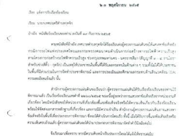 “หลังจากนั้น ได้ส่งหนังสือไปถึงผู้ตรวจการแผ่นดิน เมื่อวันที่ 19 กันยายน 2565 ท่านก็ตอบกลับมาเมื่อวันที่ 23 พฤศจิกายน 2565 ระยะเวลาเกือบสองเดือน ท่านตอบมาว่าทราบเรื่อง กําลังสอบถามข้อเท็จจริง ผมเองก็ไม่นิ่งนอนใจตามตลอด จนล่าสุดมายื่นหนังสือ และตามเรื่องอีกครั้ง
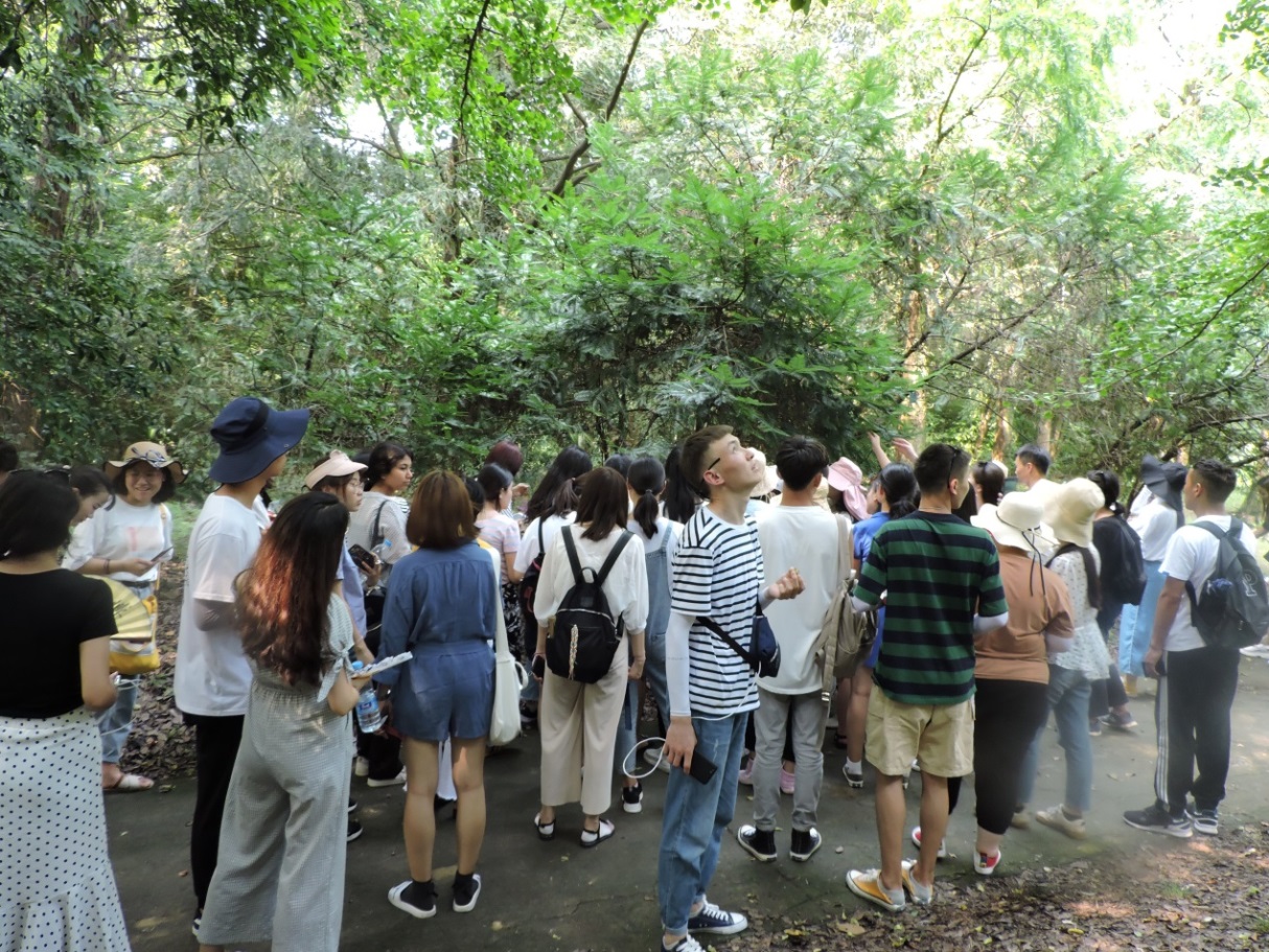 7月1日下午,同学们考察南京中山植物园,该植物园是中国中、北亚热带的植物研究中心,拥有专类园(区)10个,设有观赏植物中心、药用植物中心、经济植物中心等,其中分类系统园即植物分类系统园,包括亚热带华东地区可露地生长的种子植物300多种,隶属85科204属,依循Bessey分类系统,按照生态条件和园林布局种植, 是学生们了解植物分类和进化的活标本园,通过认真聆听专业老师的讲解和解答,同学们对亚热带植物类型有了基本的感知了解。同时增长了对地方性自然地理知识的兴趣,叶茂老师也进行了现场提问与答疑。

---

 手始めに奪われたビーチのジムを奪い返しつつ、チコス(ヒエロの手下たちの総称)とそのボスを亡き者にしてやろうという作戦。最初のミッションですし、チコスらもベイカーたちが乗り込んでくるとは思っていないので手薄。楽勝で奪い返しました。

---

Problem to solve: Please repeat, exactly as written, the lines in the records above, starting with the one that has "ได้ส่งหนังสือไปถึงผู้ตรวจการแผ่นดิน เมื่อวันที่ 19" and going on through the one that has "7月1日下午,同学们考察南京". Pictures are to be left out.

The completed task:
 “หลังจากนั้น ได้ส่งหนังสือไปถึงผู้ตรวจการแผ่นดิน เมื่อวันที่ 19 กันยายน 2565 ท่านก็ตอบกลับมาเมื่อวันที่ 23 พฤศจิกายน 2565 ระยะเวลาเกือบสองเดือน ท่านตอบมาว่าทราบเรื่อง กําลังสอบถามข้อเท็จจริง ผมเองก็ไม่นิ่งนอนใจตามตลอด จนล่าสุดมายื่นหนังสือ และตามเรื่องอีกครั้ง
 7月1日下午,同学们考察南京中山植物园,该植物园是中国中、北亚热带的植物研究中心,拥有专类园(区)10个,设有观赏植物中心、药用植物中心、经济植物中心等,其中分类系统园即植物分类系统园,包括亚热带华东地区可露地生长的种子植物300多种,隶属85科204属,依循Bessey分类系统,按照生态条件和园林布局种植, 是学生们了解植物分类和进化的活标本园,通过认真聆听专业老师的讲解和解答,同学们对亚热带植物类型有了基本的感知了解。同时增长了对地方性自然地理知识的兴趣,叶茂老师也进行了现场提问与答疑。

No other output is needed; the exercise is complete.